6.1 The basic formula
The basic formula for calculating ATL/CTL uses an Exponential moving average that is calculated like this:
ATLtoday = TRIMP * λa * ka + ((1 – λa) * ATLyesterday CTLtoday = TRIMP * λf * kf + ((1 – λf) * CTLyesterday
As you can see this is an iterative approach, calculating the value for the oldest workout, then iterating through each subsequent workout.
6.1.1 Lambda
The calculation for λa and λf is:
λa = 2/(Na+1) λf = 2/(Nf+1)
Where Na and Nf are the time decay constants, normally 7 and 42 days respectively. The half-life for a given value of N is N/2.8854, so 7 days gives a half-life of 2.4 days and 42 days is 14.5 days.
6.1.2 Scaling Factors
The values ka and kf are the scaling factors for fatigue and fitness respectively. Normally ka is set to 1 and kf is set to 2, meaning that a workout produces twice as much fitness as fatigue.
6.2 Adjusting for Monotony
The calculation of Monotony is covered in Training Monotony. The modified calculation for ATLm (ATLmonotony) and CTLm (CTLmonotony):
ATLmtoday = TRIMPam * λma * ka + ((1 – λma) * ATLmyesterday CTLmtoday = TRIMPcm * λf * kf + ((1 – λmc) * CTLmyesterday
6.2.1 Modified TRIMP
The value of TRIMP is modified by monotony:
TRIMPam = (TRIMP *MonotonyRatio * ATLmStressPercent) + (TRIMP * (1 - ATLmStressPercent)) TRIMPcm = (TRIMP *MonotonyRatio * CTLmStressPercent) + (TRIMP * (1 - CTLmStressPercent))

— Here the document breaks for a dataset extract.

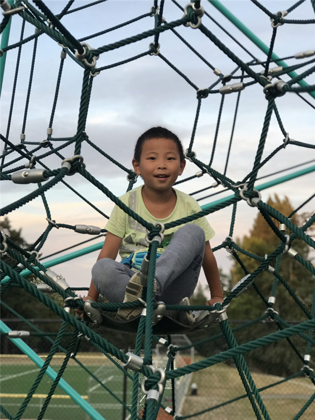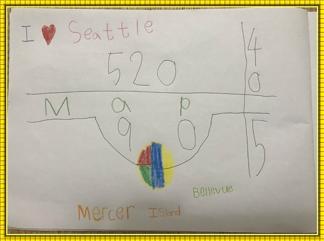 6岁的Infiniti很有方向感,随妈妈一起参加西雅图亲子夏令营的时候,经常为自驾的妈妈导航。下图是他画的西雅图导航图,贝尔维尤、美色岛以及常走的三条高速(I90、405和520)都跃然纸上。

The ATLmStressPercent and CTLmStressPercent are how much of the monotony modification to apply, which defaults to 50% (0.5).
6.2.2 MonotonyRatio
Using raw monotony tends to have an overly large impact. Instead, the concept of a 'monotony break even' is used, which is the monotony level that an athlete has no negative effects. This defaults to 1.5. In addition, higher levels of monotony tend to produce unreasonably high monotony values, so monotony is capped, by default at 4.0. The MonotonyRatio is then:
MonotonyRatio = min(Monotony, MonotonyCap) / MonotonyBreakEven
6.2.3 Adjusting Fatigue Lambda
Because Training Monotony increases the time that fatigue lasts for, the value of λa is modified to create λma:
λma = λa * MonotonyRatio * ATLmLambdaPercent + (λa * (1 - ATLmLambdaPercent))
The ATLmLambdaPercent is how much of the monotony modification to apply, which defaults to 50% (0.5).